This release introduces a new command-line separator: --
All arguments before the --
separator are passed to the Erlang VM, all arguments after it are passed to Arweave. If the --
is omitted, all arguments are passed to Arweave.
For example, to restrict the number of threads available to Arweave to 24, you would build a command like:
./bin/start +S 24:24 -- <regular arweave command line flags>
Faster Node Shutdown
Unrelated to the above changes, this release includes a couple fixes that should reduce the time it takes for a node to shut down following the ./bin/stop
command.
Solution recovery
This release includes several features and bug fixes intended to increase the chance that a valid solution results in a confirmed block.
Rebasing
When two or more miners post blocks at the same height, the block that is adopted by a majority of the network first will be added to the blockchain and the other blocks will be orphaned. Miners of orphaned blocks do not receive block rewards for those blocks.

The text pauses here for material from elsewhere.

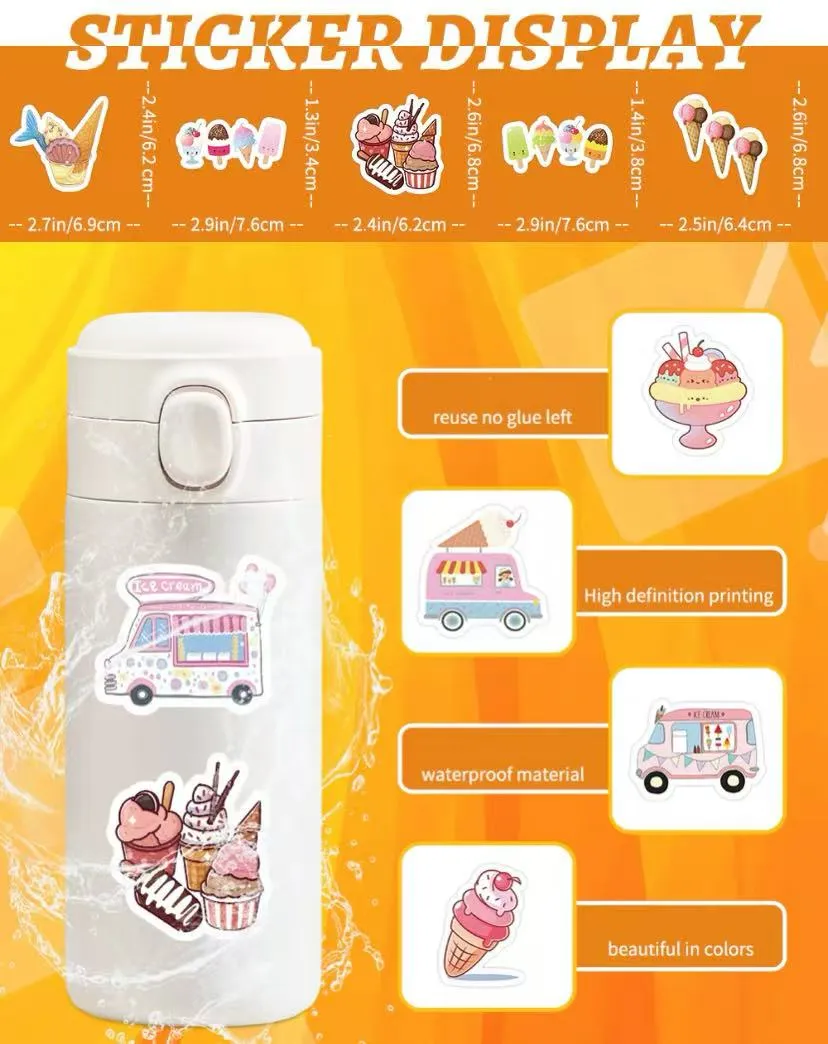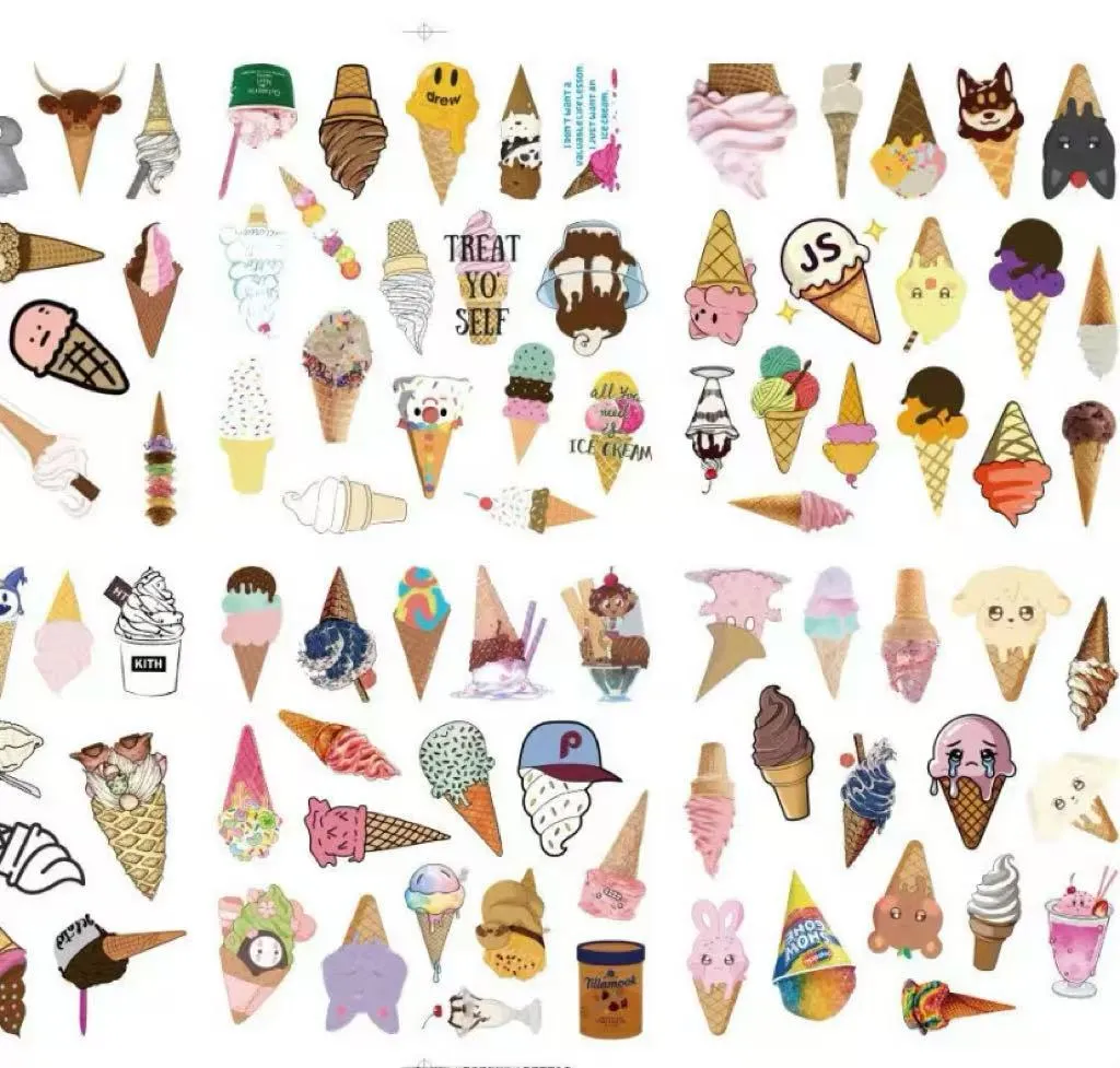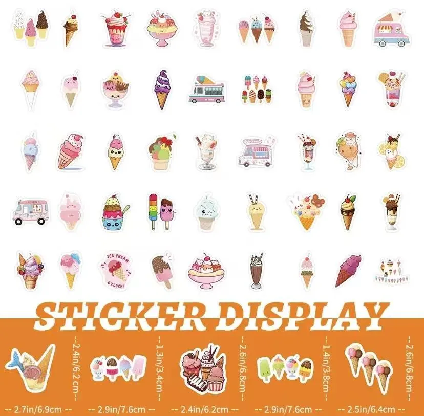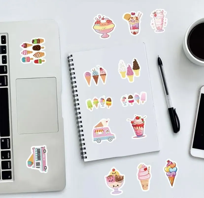 Šie ledų lipdukai, kuriuos pagamino „Jojo Pack“. Jis pasižymi skirtingais ledų elementais ir atrodo, kad kiekvienas lipdukas išskiria vėsų ir saldų aromatą, akimirksniu užpildydamas jūsų daiktus vasaros gyvybingumu.
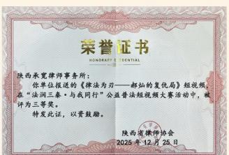 承宽律所普法短视频《律法为刃——郝灿的复仇局》荣获省律协公益普法短视频大赛三等奖

This release introduce the ability for orphaned blocks to be rebased. If a miner detects that their block has been orphaned, but the block solution is still valid, the miner will take that solution and build a new block with it. When a block is rebased a rebasing_block
message will be printed to the logs.
Last minute proof fetching
After finding a valid solution a miner goes through several steps as they build a block. One of those steps involves loading the selected chunk proofs from disk. Occasionally those proofs might be missing or corrupt. Prior to this release when that happened, the solution would be rejected and the miner would return to hashing. With this release the miner will reach out to several peers and request the missing proofs - if successful the miner can continue building and publishing the block.
last_step_checkpoints
recovery
This release provides more robust logic for generating the last_step_checkpoints
field in mined blocks. Prior to this release there were some scenarios where a miner would unnecessarily reject a solution due to missing last_step_checkpoints
.
VDF Server Improvements
In addition to a number of VDF server/client bug fixes and performance improvements, this release includes two new VDF server configurations.
VDF Forwarding
You can now set up a node as a VDF forwarder. If a node specifies both the vdf_server_trusted_peer
and vdf_client_peer
flags it will receive its VDF from the specified VDF Servers and provide its VDF to the specified VDF clients. The push/pull behavior remains unchanged - any of the server/client relationships can be configured to push VDF updates or pull them
Public VDF
If a VDF server specifies the enable public_vdf_server
flag it will provide VDF to any peer that requests it without needing to first whitelist that peer via the vdf_client_peer
flag.
/recent endpoint
This release adds a new /recent
endpoint which will return a list of recent forks that the node has detected, as well as the last 18 blocks they've received as well as the timestamps they received them.
Webhooks
This release adds additional webhook support. When webhooks are configured a node will POST data to a provided URL (aka webhook) when certain events are triggered.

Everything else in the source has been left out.